Start of DATA SHOWN
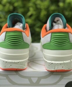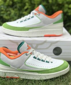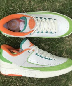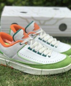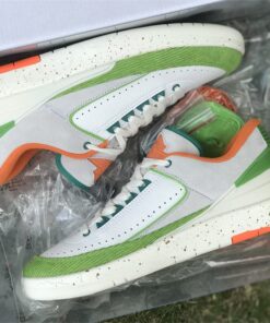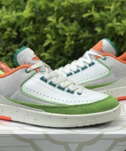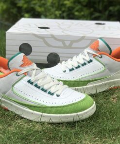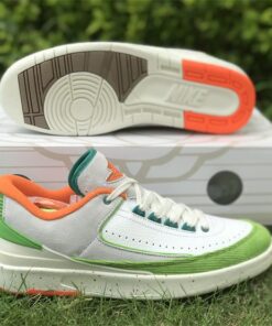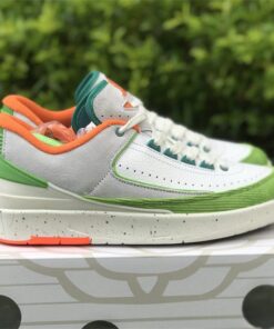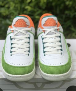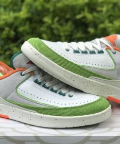 Dressed in a Sail, Safety Orange, Chlorophyll, and Coconut Milk color scheme. This offering of the low-top Air Jordan 2 features a White leather base with Grey suede overlays and Chlorophyll Green corduroy mudguards. Other details includes Orange accents on the sockliner and Jumpman tongue logo, while hits of Teal appear on the eyelets and lip of the tongue. A speckled midsole atop a Sail rubber sole with a custom Titan-branded hangtag completes the design.
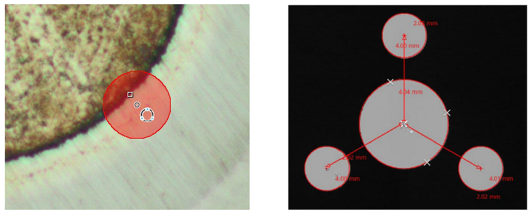 豊富な計測機能の一つとして、新開発した自動エッジ検出機能を搭載しています。従来は作業者が手作業でエッジ部分を選択していたため、作業者によって誤差が生じることがありました。本機能により、作業者による誤差をなくし、より的確にエッジを検出することで、対象物の形や中心の位置、直径、面積、他の対象物との距離を、誰でも簡単に高い再現性をもって測定することが可能です。
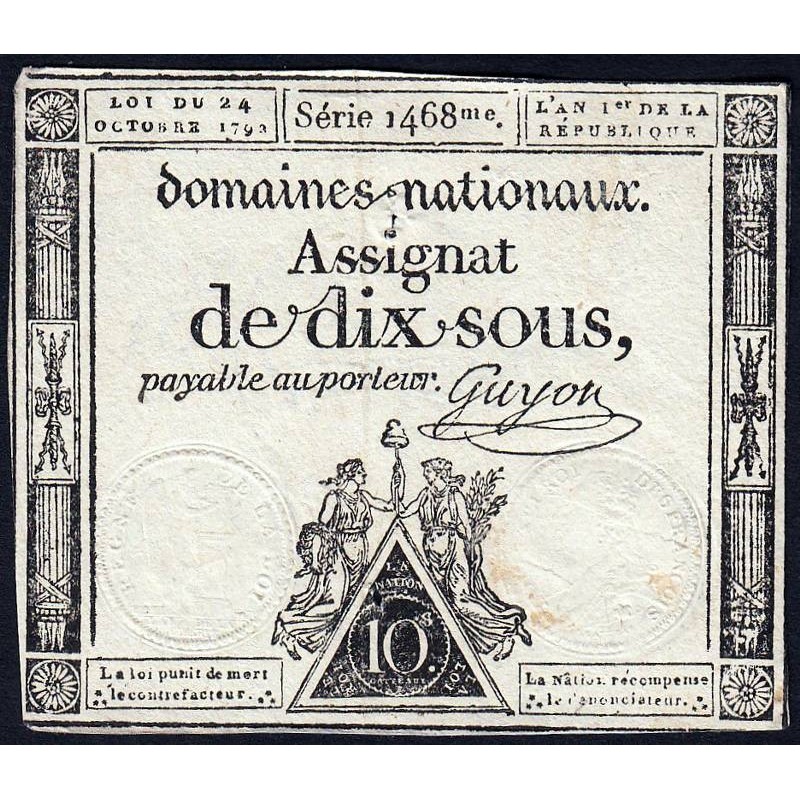 • Assignat 34a - 10 sous - 24 octobre 1792 - Série 1468 - Etat : TB+
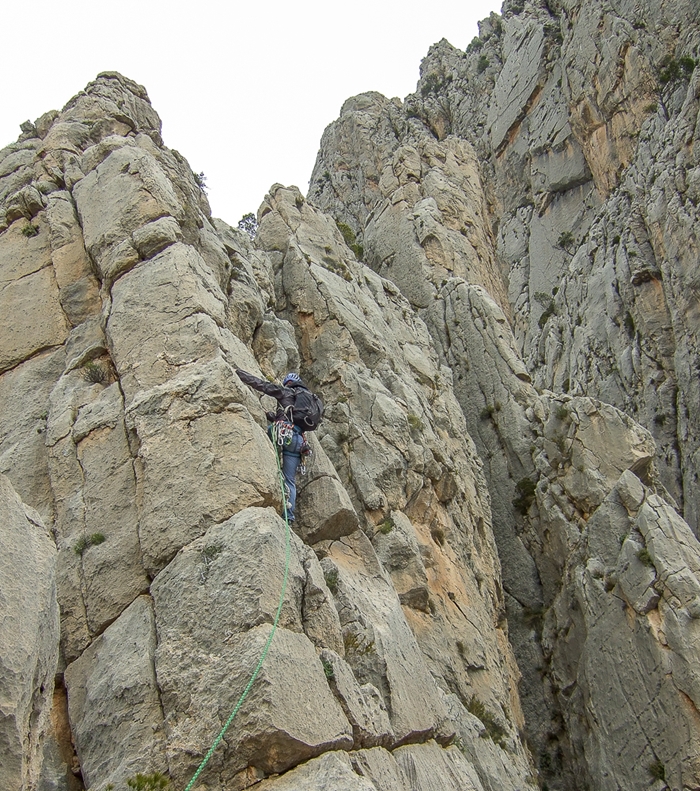 Los largos de la «Aristóteles» hay que ir navegando y buscando las debilidades de la pared para no perder el buen camino.
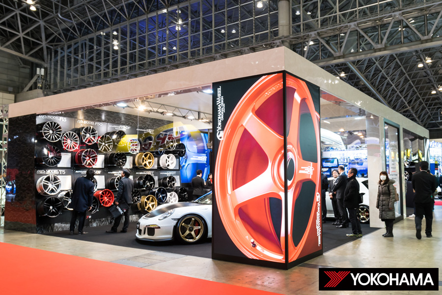 東京オートサロンにおいて、YOKOHAMA WHEELは例年同様のハイセンスなブースを展開した。壁一面を使った最新アルミホイールラインアップの展示はお馴染みの光景、カラーバリエーションも洗練されたヨコハマホイールの魅力を、会期中は国内外から訪れた大勢のみなさんにご確認いただいた。
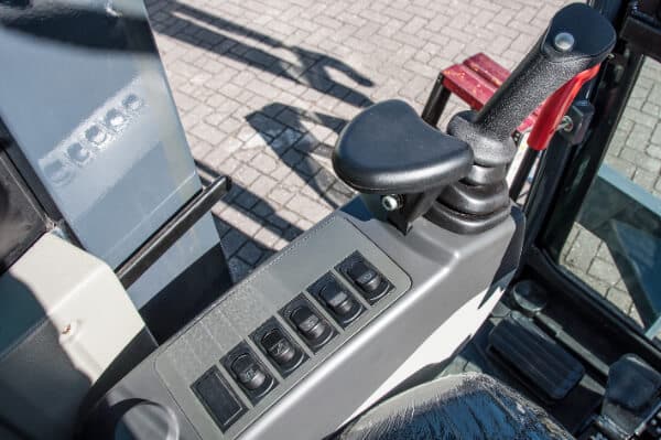 De cabine van de graafmachine is voorzien van een airco, geveerde stoel, radio, en stereo geluid voor de optimale werk ervaring. Ook is er een touchscreen scherm aanwezig in de cabine waarop o.a. de diagnose van de machine en het brandstofniveau te zien zijn.
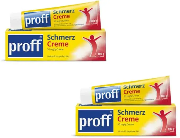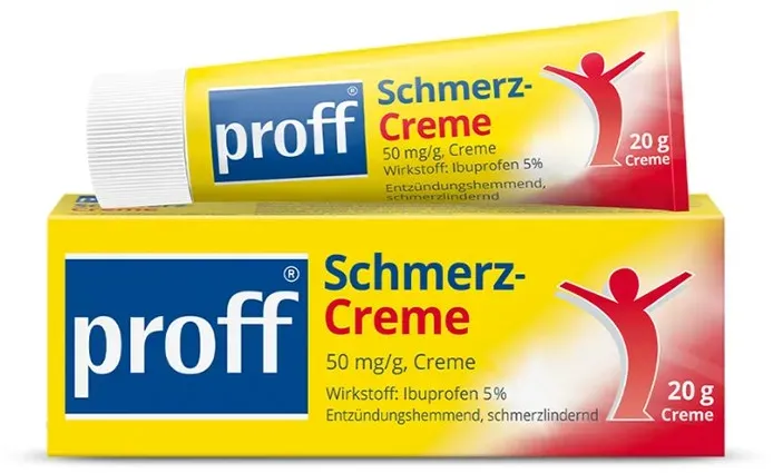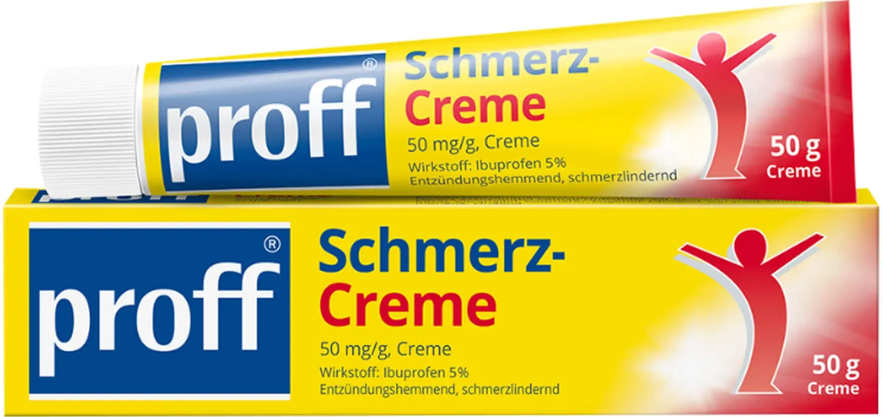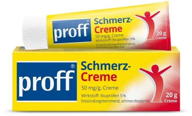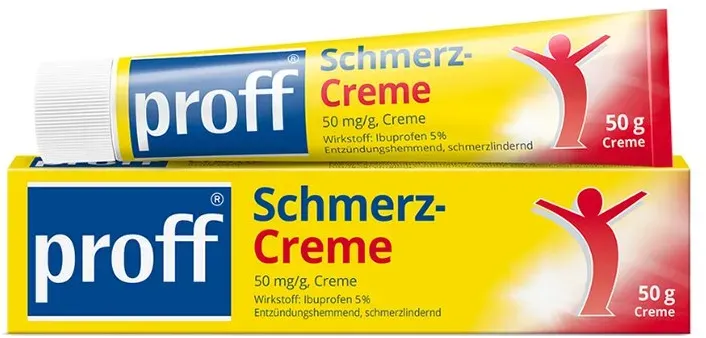13 Händlerangebote bei billiger.de - Kategorie: Arzneimittel - proff - Anwendungsgebiet von Proff Schmerz-Creme 50mg/g Proff Schmerz-Creme 50mg/g Seit 1983 in Deutschland zugelassen Schmerzen in Muskeln oder Gelenken können den Alltag stark einschränken. Proff Schmerz-Creme 50mg/g wird äußerlich angewendet und wirkt lokal am betroffenen Bereich.Bereits seit 1983 in Deutschland zugelassen, zählt Proff Schmerz-Creme 50mg/g zu den ersten topischen Arzneimitteln mit dem Wirkstoff Ibuprofen. Die Entwicklung basierte auf einem europäischen Patent zur Herstellung einer Ibuprofen-Creme für die äußerliche Anwendung, das 1982 eingereicht wurde. Heute ist Proff Schmerz-Creme 50mg/g rezeptfrei, aber apothekenpflichtig erhältlich.Die Creme wird auf die Haut aufgetragen, leicht eingerieben und lässt sich gut verteilen. Dank der äußerlichen Anwendung wird der Wirkstoff am betroffenen Bereich aufgenommen mit nur geringer systemischer Belastung.Die Formulierung wurde speziell für die äußerliche Anwendung entwickelt und ist in der Regel gut hautverträglich auch bei wiederholter Anwendung.Bei starken Blutergüssen und Stauchungen kann zu Beginn der Behandlung die Anwendung eines luftdichten Verbandes von Nutzen sein.Ein verstärktes Eindringen des Wirkstoffs durch die Haut kann außerdem durch Anwendung der Iontophorese (eine besondere Form der Elektrotherapie) erreicht werden.Wirkstoffe / Inhaltsstoffe / ZutatenProff Schmerz-Creme 50mg/g enthält:Zusammensetzung:1 g proff Schmerzcreme enthält 50 ... Für nur 3.99 Euro erhalten Sie hier eine 20g Packung, die gut für den gelegentlichen Gebrauch ist. ![]() ![]() PROFF Schmerzcreme 50 mg/g 20 g
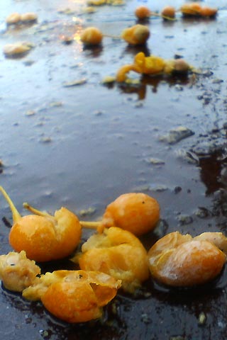 今朝は未明に強い雨が降りました。風もあり長岡駅東口の銀杏が歩道に落ちていました。
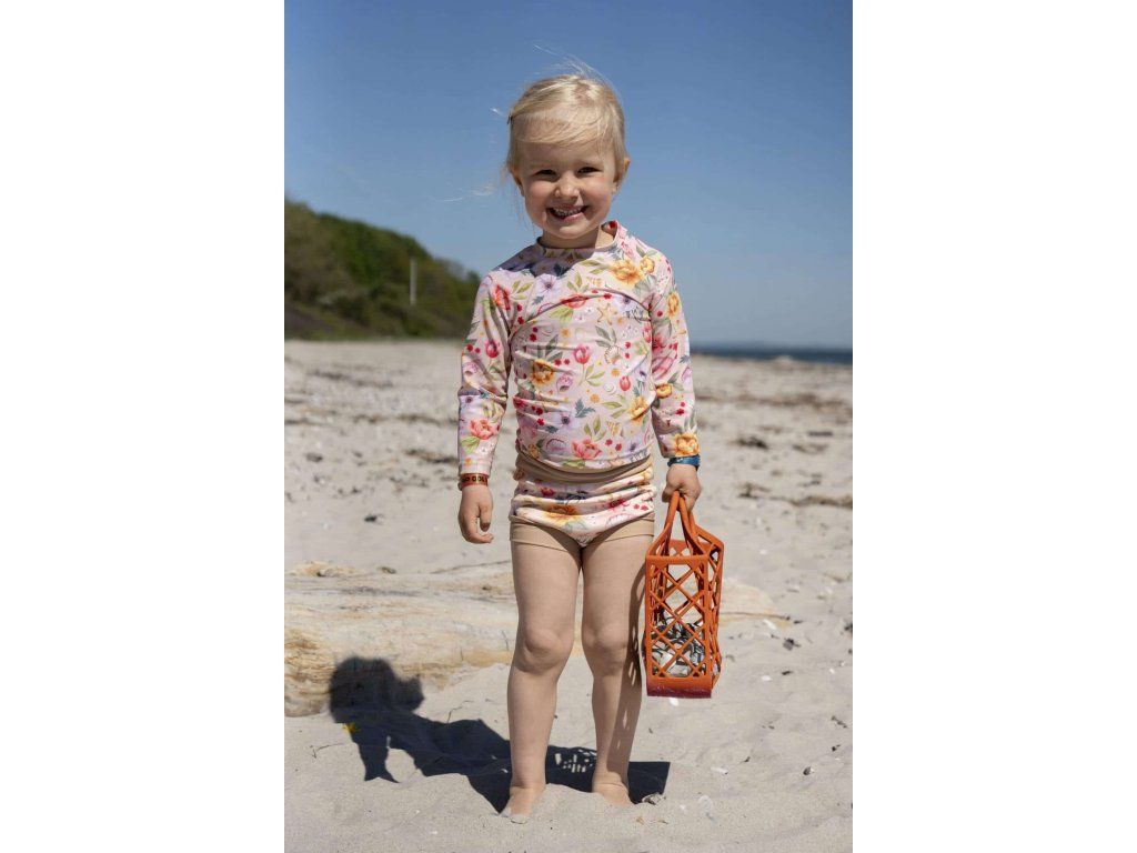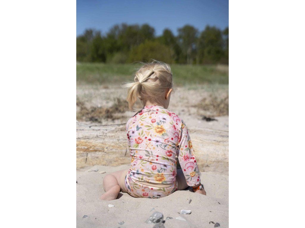 Všimněte si, jak potisk „Oceánský květ“ zachycuje poklady, které děti rády sbírají a vždy si je přinášejí domů. Každý okvětní lístek a každý malý detail je ručně kreslený jemnými tahy akvarelu, čímž se každý pohled promění v rozkošné dobrodružství.
End of DATA SHOWN
### TASK TO COMPLETE
Print every record exactly without the images.

### ANSWER BELOW
 Dressed in a Sail, Safety Orange, Chlorophyll, and Coconut Milk color scheme. This offering of the low-top Air Jordan 2 features a White leather base with Grey suede overlays and Chlorophyll Green corduroy mudguards. Other details includes Orange accents on the sockliner and Jumpman tongue logo, while hits of Teal appear on the eyelets and lip of the tongue. A speckled midsole atop a Sail rubber sole with a custom Titan-branded hangtag completes the design.
 豊富な計測機能の一つとして、新開発した自動エッジ検出機能を搭載しています。従来は作業者が手作業でエッジ部分を選択していたため、作業者によって誤差が生じることがありました。本機能により、作業者による誤差をなくし、より的確にエッジを検出することで、対象物の形や中心の位置、直径、面積、他の対象物との距離を、誰でも簡単に高い再現性をもって測定することが可能です。
 • Assignat 34a - 10 sous - 24 octobre 1792 - Série 1468 - Etat : TB+
 Los largos de la «Aristóteles» hay que ir navegando y buscando las debilidades de la pared para no perder el buen camino.
 東京オートサロンにおいて、YOKOHAMA WHEELは例年同様のハイセンスなブースを展開した。壁一面を使った最新アルミホイールラインアップの展示はお馴染みの光景、カラーバリエーションも洗練されたヨコハマホイールの魅力を、会期中は国内外から訪れた大勢のみなさんにご確認いただいた。
 De cabine van de graafmachine is voorzien van een airco, geveerde stoel, radio, en stereo geluid voor de optimale werk ervaring. Ook is er een touchscreen scherm aanwezig in de cabine waarop o.a. de diagnose van de machine en het brandstofniveau te zien zijn.
13 Händlerangebote bei billiger.de - Kategorie: Arzneimittel - proff - Anwendungsgebiet von Proff Schmerz-Creme 50mg/g Proff Schmerz-Creme 50mg/g Seit 1983 in Deutschland zugelassen Schmerzen in Muskeln oder Gelenken können den Alltag stark einschränken. Proff Schmerz-Creme 50mg/g wird äußerlich angewendet und wirkt lokal am betroffenen Bereich.Bereits seit 1983 in Deutschland zugelassen, zählt Proff Schmerz-Creme 50mg/g zu den ersten topischen Arzneimitteln mit dem Wirkstoff Ibuprofen. Die Entwicklung basierte auf einem europäischen Patent zur Herstellung einer Ibuprofen-Creme für die äußerliche Anwendung, das 1982 eingereicht wurde. Heute ist Proff Schmerz-Creme 50mg/g rezeptfrei, aber apothekenpflichtig erhältlich.Die Creme wird auf die Haut aufgetragen, leicht eingerieben und lässt sich gut verteilen. Dank der äußerlichen Anwendung wird der Wirkstoff am betroffenen Bereich aufgenommen mit nur geringer systemischer Belastung.Die Formulierung wurde speziell für die äußerliche Anwendung entwickelt und ist in der Regel gut hautverträglich auch bei wiederholter Anwendung.Bei starken Blutergüssen und Stauchungen kann zu Beginn der Behandlung die Anwendung eines luftdichten Verbandes von Nutzen sein.Ein verstärktes Eindringen des Wirkstoffs durch die Haut kann außerdem durch Anwendung der Iontophorese (eine besondere Form der Elektrotherapie) erreicht werden.Wirkstoffe / Inhaltsstoffe / ZutatenProff Schmerz-Creme 50mg/g enthält:Zusammensetzung:1 g proff Schmerzcreme enthält 50 ... Für nur 3.99 Euro erhalten Sie hier eine 20g Packung, die gut für den gelegentlichen Gebrauch ist. ![]() ![]() PROFF Schmerzcreme 50 mg/g 20 g
 今朝は未明に強い雨が降りました。風もあり長岡駅東口の銀杏が歩道に落ちていました。
 Všimněte si, jak potisk „Oceánský květ“ zachycuje poklady, které děti rády sbírají a vždy si je přinášejí domů. Každý okvětní lístek a každý malý detail je ručně kreslený jemnými tahy akvarelu, čímž se každý pohled promění v rozkošné dobrodružství.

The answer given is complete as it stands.